Putting it to the Max
It's April, and Leicester have just gained promotion to the Championship away at Southend. Max Gradel joins his team-mates at the far side of the pitch where the Leicesters fans are congregated, and performs a victory dance with a huge grin on his face.
It's Gradel all over. The cheeky character who possesses the swagger, the flamboyance and the oh-so-frustrating inconsistence. Oh, and he's never one to shy away from an argument, as demonstrated on numerous occassions, whether it be with referees or his own players. A fighter, a hard-worker and a distinctively petulant little soul, Gradel has the ability to both frustrate and devastate.
Just ask MK Dons. It's the 95th minute, and Leicester are 2-1 down to Roberto Di Matteo's men. But there's a glimmer of hope, a free-kick on the edge of the area. It's the unpredictable Gradel himself to take it. The thoughts run through the mind; this is anywhere but in. He takes his position; green-booted, Ronaldo-esque stance, and delivers. And boy does he deliver. The ball curls delightfully into the top corner to salvage an incredibly late point for the Foxes.

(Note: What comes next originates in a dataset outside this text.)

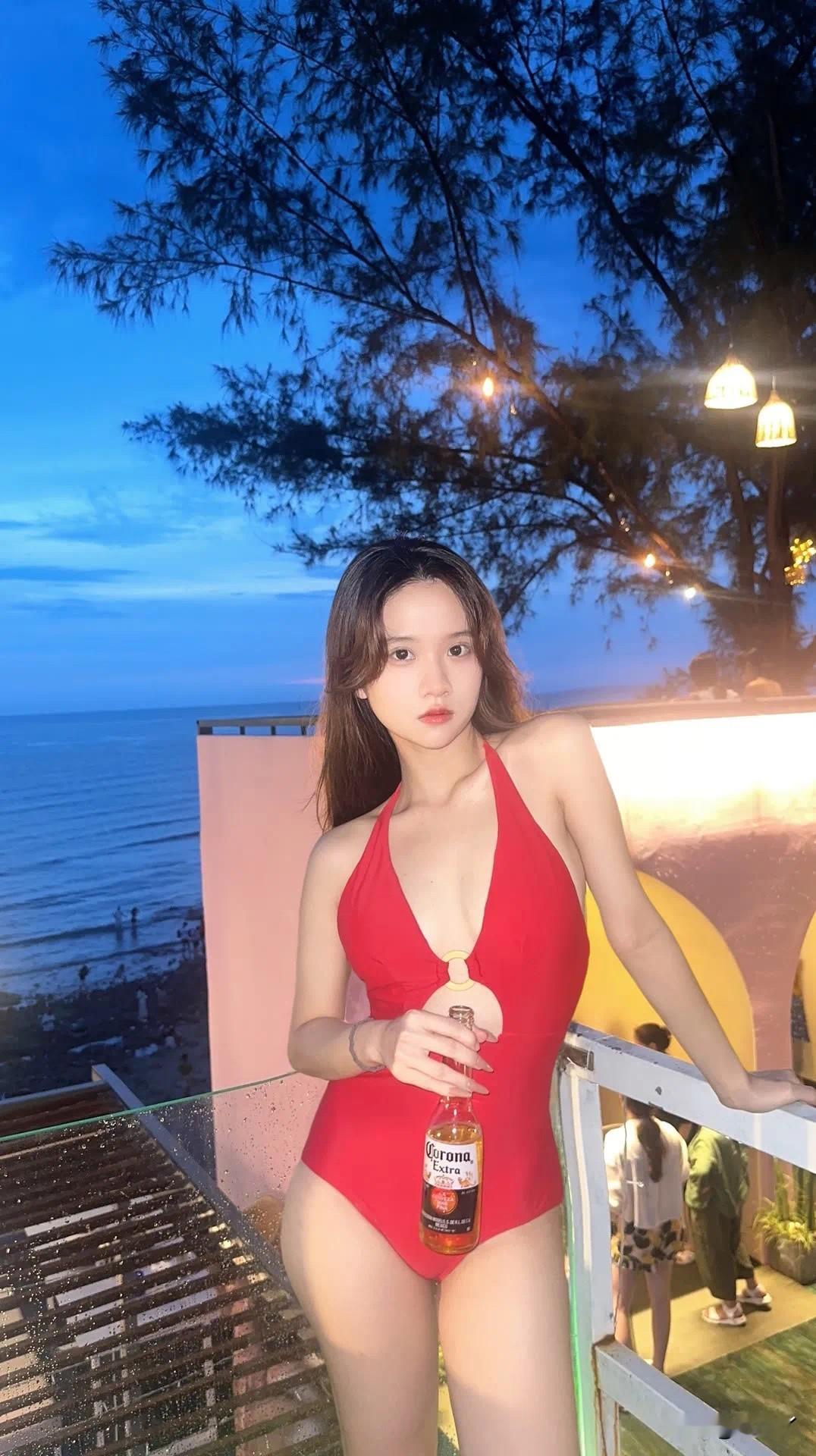 暮色漫上海岸,晚风轻拂,穿红泳衣的小姐姐成了最美风景。她手握科罗娜,站在露台,身影融进海天交界的蓝。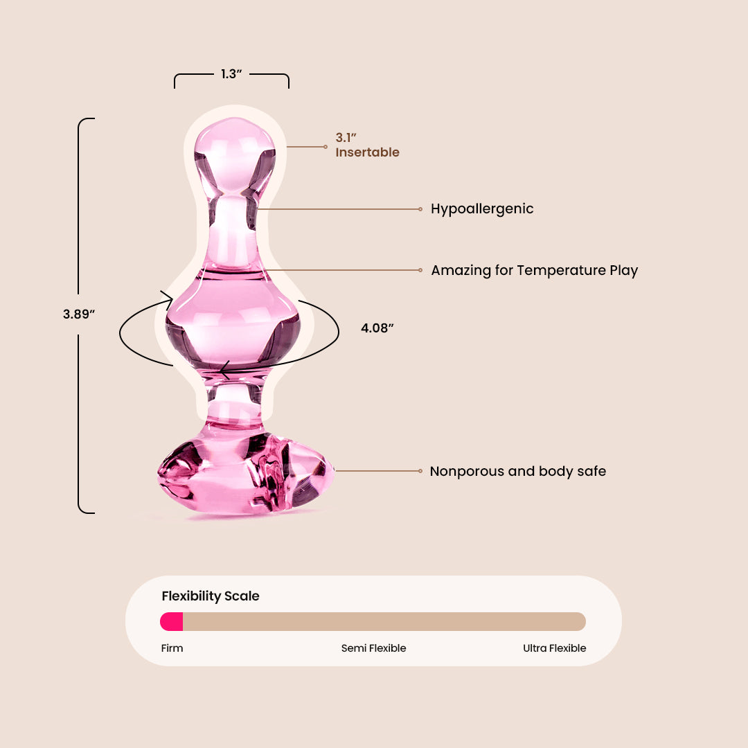 Super cute, the shape is perfect. Great for intermediates, not necessarily for beginners but it’s a great transition if you want to train yourself to go bigger. Mine came with a tiny chunk of glass missing at the base, which doesn’t affect the use much because it’s chipped on a non-insertable part of the toy. It’s still something to be aware of because it could possibility affect the longevity of the life of the toy if the chip gets bigger over time which also makes it harder to keep clean because bacteria can grow easier. Beware to inspect your toy before use.

As you can probably tell, Max Gradel is no ordinary footballer. Born in the Ivorian capital of Abidjan, he moved to England to join Leicester's youth academy at 17, via a brief stint at Auxerre. Still only 21, Gradel has already experienced more in his life than most middle-aged human beings.

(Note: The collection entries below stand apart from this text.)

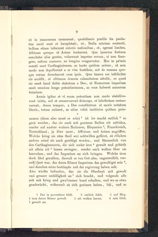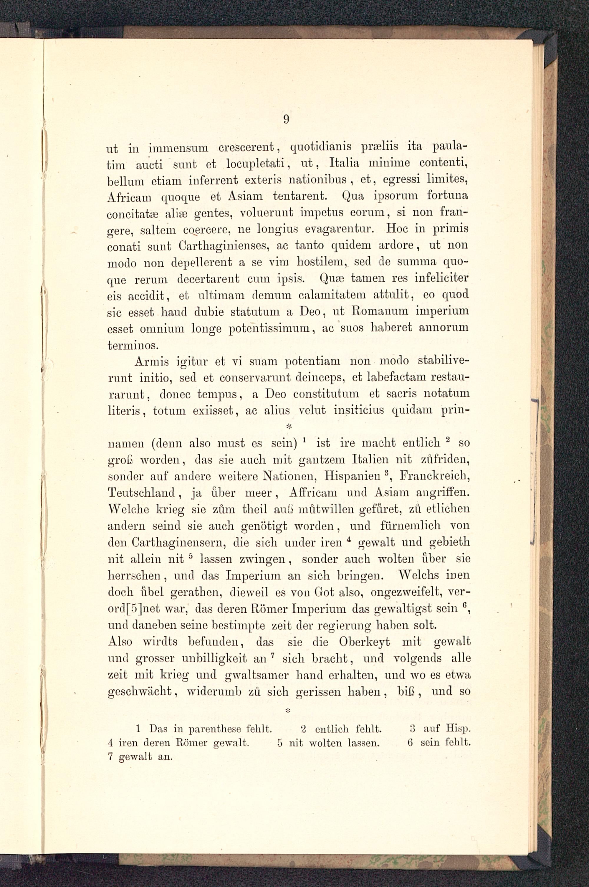 namen (denn also must es sein) 1 ist ire macht entlich 2 sogroß worden, das sie auch mit gautzem Italien nit züfriden,sonder auf andere weitere Nationen, Hispanieu 3 , Franckreicb,Teutschland, ja über meer, Affricam und Asiam angriffen.Welche krieg sie zum theil au(i niütwilleu gefuret, zu etlichenandern seine! sie auch genötigt worden, und fürnemlich vonden Carthaginensern, die sich under iren 4 gewalt und gebiethnit allein nit 0 lassen zwingen, sonder auch wolten über sieherrschen, und das Imperium an sich bringen. Weichs inendoch ftbel gerathen, dieweil es von Got also, ongezweifelt, ver-ord[5]net war, das deren Römer Imperium das gewaltigst sein G ,und daneben seine bestimpte zeit der regierung haben solt.Also wirdts befunden, das sie die Oberkeyt mit gewaltund grosser Unbilligkeit an 7 sich bracht, und volgends allezeit mit krieg und gwaltsamer band erhalten, und wo es etwageschwächt, widerumb zu sich gerissen haben, biß, und so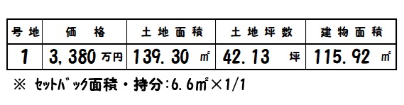 | 所在地 | 土地面積/坪数 | 総区画数 | 建物面積 | 建築年月 | 価格 |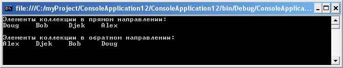 Console.WriteLine("Элементы коллекции в прямом направлении: ");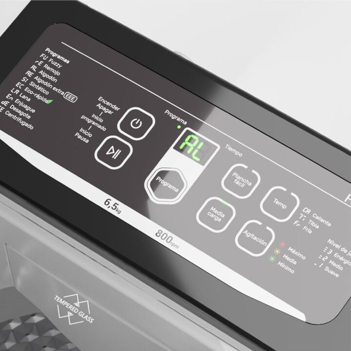 Lavarropas de carga superior. Su capacidad de lavado es de 6,5 Kg y su velocidad de centrifugado es de 800 RPM. Color blanco. Eficiencia A+. Sistema oriental. Cuenta con Display LED digital y botones. Su tapa es de vidrio templado y su tambor de acero inoxidable. Posee alarma fin de lavado, selector...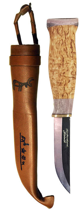 Mukana tuleva perinteinen nahkatuppi suojaa terää ja viimeistelee autenttisen kokonaisuuden. Tämä leuku on erinomainen valinta niin aktiiviselle eränkävijälle kuin arvostetuksi lahjaksi.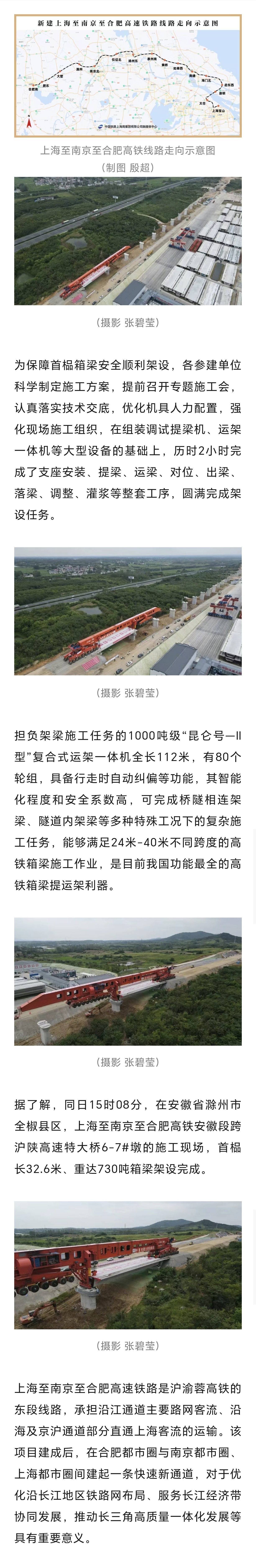 中铁上海局集团有限公司介绍,8月27日13时30分,在合肥市肥东县包公镇施工现场,随着“昆仑号—Ⅱ型”运架一体机将长40.6米、宽12.6米、高3.25米,重930吨的箱梁稳稳地架设在南鹰庄特大桥桥台—18号桥墩上,标志着上海至南京至合肥高铁首榀箱梁成功架设,项目建设施工进入全线架梁阶段。详见↓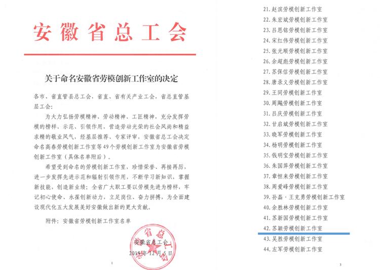 “蘇穎勞模創新工作室”榮獲“安徽省勞模創新工作室”稱號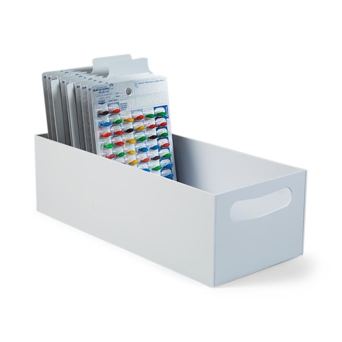 - Punch card bin helps hold cards upright for convenient storage and easy retrieval of unit dose medicine in foil-backed packages
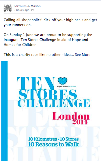 “The Ten Stores Challenge charity event is a perfect fit for Fortnum & Mason, as it combines an important cause with the theater of social shopping, which is in line with the whole Normcore footwear fashion phenomena,” said Ken Morris, principal at Boston Retail Partners, Boston.

Last October, whilst on loan at Bournemouth, Max's mother was taken seriously ill back home in Africa. Despite this, the plucky little winger decided to play for the Cherries against Crewe. Incredibly, Gradel scored an unbelievable double to help Kevin Bond's side to a 4-1 victory.
A few days later, Max's mother died. As his mother and father had seperated many years before, it was left to him to look after his younger brother and sister back home in Africa.

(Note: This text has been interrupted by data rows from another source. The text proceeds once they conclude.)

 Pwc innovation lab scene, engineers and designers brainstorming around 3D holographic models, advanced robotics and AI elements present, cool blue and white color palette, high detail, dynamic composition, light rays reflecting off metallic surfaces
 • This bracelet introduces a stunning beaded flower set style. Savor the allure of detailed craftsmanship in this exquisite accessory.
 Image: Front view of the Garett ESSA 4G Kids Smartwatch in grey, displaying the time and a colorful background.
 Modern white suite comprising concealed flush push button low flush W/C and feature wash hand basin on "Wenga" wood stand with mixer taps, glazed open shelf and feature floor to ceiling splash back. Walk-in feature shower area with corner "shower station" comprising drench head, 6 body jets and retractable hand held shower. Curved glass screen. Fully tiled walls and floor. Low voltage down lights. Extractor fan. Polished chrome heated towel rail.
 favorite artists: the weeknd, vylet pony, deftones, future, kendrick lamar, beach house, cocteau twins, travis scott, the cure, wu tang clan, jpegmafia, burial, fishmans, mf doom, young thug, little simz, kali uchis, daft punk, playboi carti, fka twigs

Gradel returned just as Bournemouth were about to play non-league Barrow in the F.A Cup. With 90 minutes on the clock, the Cherries were shockingly behind, but were handed a lifeline when they were awarded a penalty. Striker Brett Pitman was the natural option to take the spot-kick, but Max was having none of that. He wrestled the ball from the hands of the forward, before scoring from the spot. Bournemouth went onto score again in extra time. Call it petulance, call it whatever you like, but that's strength of character for you.
Gradel began the season as Leicester's first choice winger, before gradually deteriorating, much to the disappointment of the Leicester fans who had expected so much of the youngster. In hindsight, maybe it was too much to expect. In and out of the side on a regular basis, Max struggled to find any real consistency. He found the net twice overall, once against Crystal Palace in the F.A Cup, and of course, that goal against MK Dons.
But it's moments of magic like that which make Max Gradel the character he is. It's also those moments of mad petulance, those moments of flamboyant skill, and that questionable mohican.
He's not the perfect player, but he's got that spark, a spark which shouldn't be extinguished just yet. He doesn't have the expectations of last season on his shoulders, but he will need to step it up for Pearson next year in the Championship.
With the right guidance, Max Gradel could well be the unpolished diamond on the wing that Leicester have craved for years.